You can choose between different formats to make a tradeoff between the size on disk, the precision, and query performance:
- 8 bytes per coordinate pair using 4-byte integer values, with limited precision.
- 16 bytes per coordinate pair using 8-byte floating-point values, which is still
more compact than the VelocyPack format used by the
geojson
Analyzer - 24 bytes per coordinate pair using the native Google S2 format to reduce the number of computations necessary when you execute geo-spatial queries.
This feature is only available in the Enterprise Edition.
See Analyzers for details.
Web Interface
The 3.10 release of ArangoDB introduces a new Web UI for Views that allows
you to view, configure, or drop arangosearch
Views.
AQL
All Shortest Paths Graph Traversal
In addition to finding any shortest path and enumerating all paths between two
vertices in order of increasing length, you can now use the new
ALL_SHORTEST_PATHS
graph traversal algorithm in AQL to get all paths of
shortest length:
FOR p IN OUTBOUND ALL_SHORTEST_PATHS 'places/Carlisle' TO 'places/London'
GRAPH 'kShortestPathsGraph'
RETURN { places: p.vertices[*].label }
See All Shortest Paths in AQL for details.
Parallelism for Sharded Graphs (Enterprise Edition)
The 3.10 release supports traversal parallelism for Sharded Graphs, which means that traversals with many start vertices can now run in parallel. An almost linear performance improvement has been achieved, so the parallel processing of threads leads to faster results.
This feature supports all types of graphs - General Graphs, SmartGraphs, EnterpriseGraphs (including Disjoint).

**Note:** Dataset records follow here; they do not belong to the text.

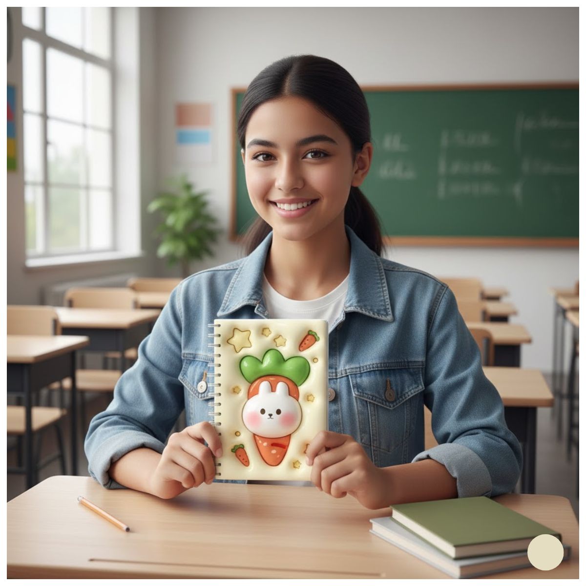 ¡Anota tus mejores ideas con la energía tranquila! Este Cuaderno de Notas Textura 3D Conejito es el compañero perfecto para quienes aman la estética moderna y buscan un espacio libre para sus pensamientos, clases o dibujos. Con un diseño vibrante como divertidas ilustraciones, esta libreta hará que escribir sea el momento más tierno, relajante de tu jornada.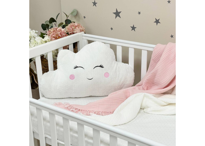 Красивая и оригинальная подушечка в форме облачка для детской кроватки.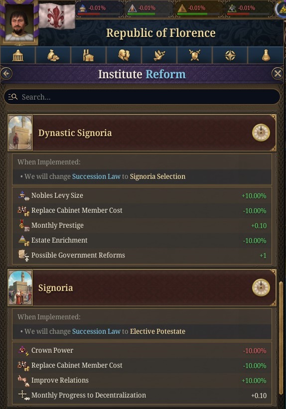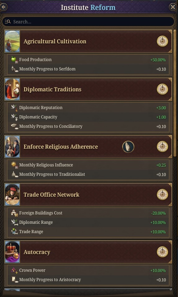 共和国にするか王国にするか、といった国家の形態を変えてしまうような大改革もあります。改革の恩恵は即時ではなく、政策と同様に行政の効率に応じて時間がかかります。国家・文化・宗教・イベントなどにひも付いた大小の固有の改革が多数存在し、国家の進む方向をより深くパーソナライズすることができます。

Traversals with many start vertices can now run in parallel. A traversal always starts with one single start vertex and then explores the vertex neighborhood. When you want to explore the neighborhoods of multiple vertices, you now have the option to do multiple operations in parallel.

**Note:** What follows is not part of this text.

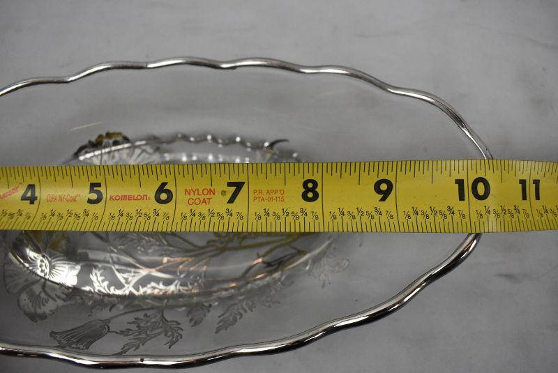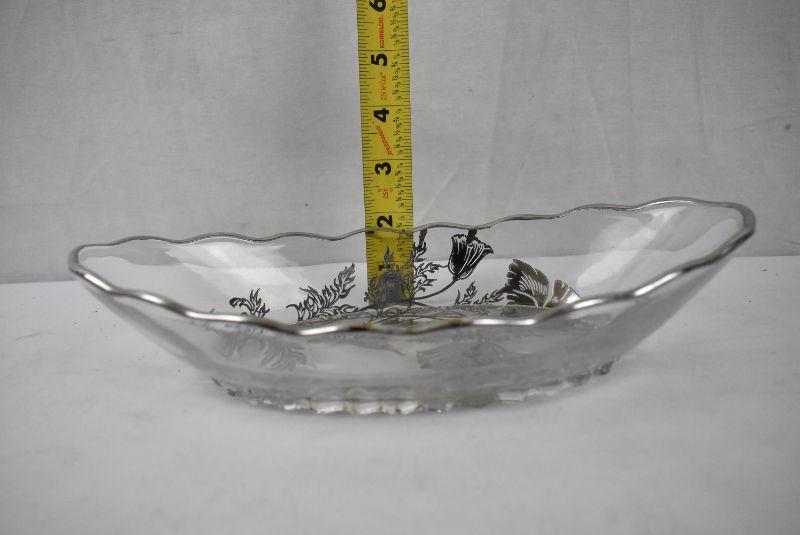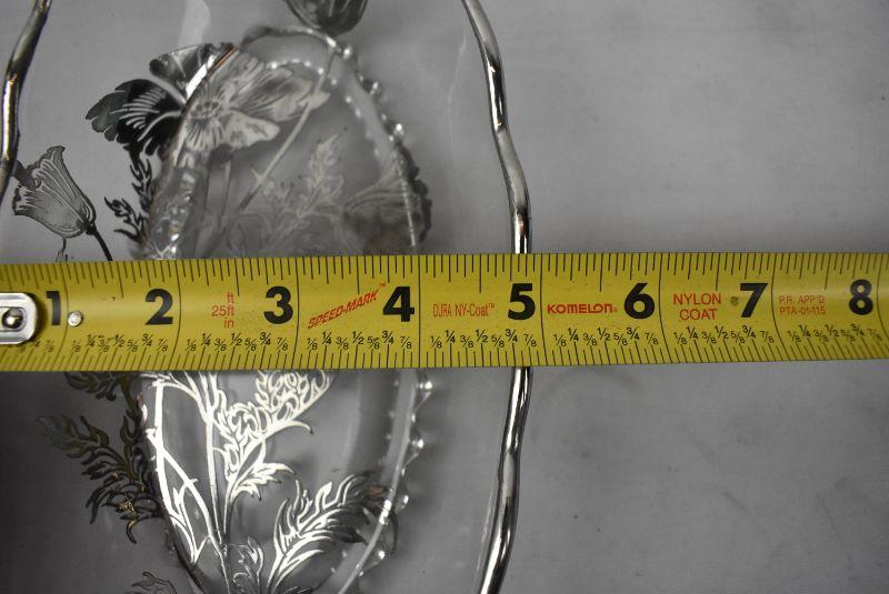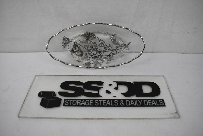 Glass & Silver Etched Small Tray/Candy Dish 10.5" x 5" x 2"

The example below shows how to use parallelism to allow using up to three
threads to search for v/1
, v/2
, and v/3
in parallel and independent of one
another. Note that parallelism increases the memory usage of the query due to
having multiple operations performed simultaneously, instead of one after the
other.
FOR startVertex IN ["v/1", "v/2", "v/3", "v/4"]
FOR v,e,p IN 1..3 OUTBOUND startVertex GRAPH "yourShardedGraph" OPTIONS {parallelism: 3}
[...]
This feature is only available in the Enterprise Edition.
GeoJSON changes
The 3.10 release of ArangoDB conforms to the standards specified in GeoJSON and GeoJSON Mode. This diverges from the previous implementation in two fundamental ways:
-
The syntax of GeoJSON objects is interpreted so that lines on the sphere are geodesics (pieces of great circles). This is in particular true for boundaries of polygons. No special treatment of longitude-latitude-rectangles is done any more.
-
Linear rings in polygons are no longer automatically normalized so that the “smaller” of the two connected components are the interior. This allows specifying polygons that cover more than half of the surface of the Earth and conforms to the GeoJSON standard.
Additionally, the reported issues, which occasionally produced wrong results in geo queries when using geo indexes, have been fixed.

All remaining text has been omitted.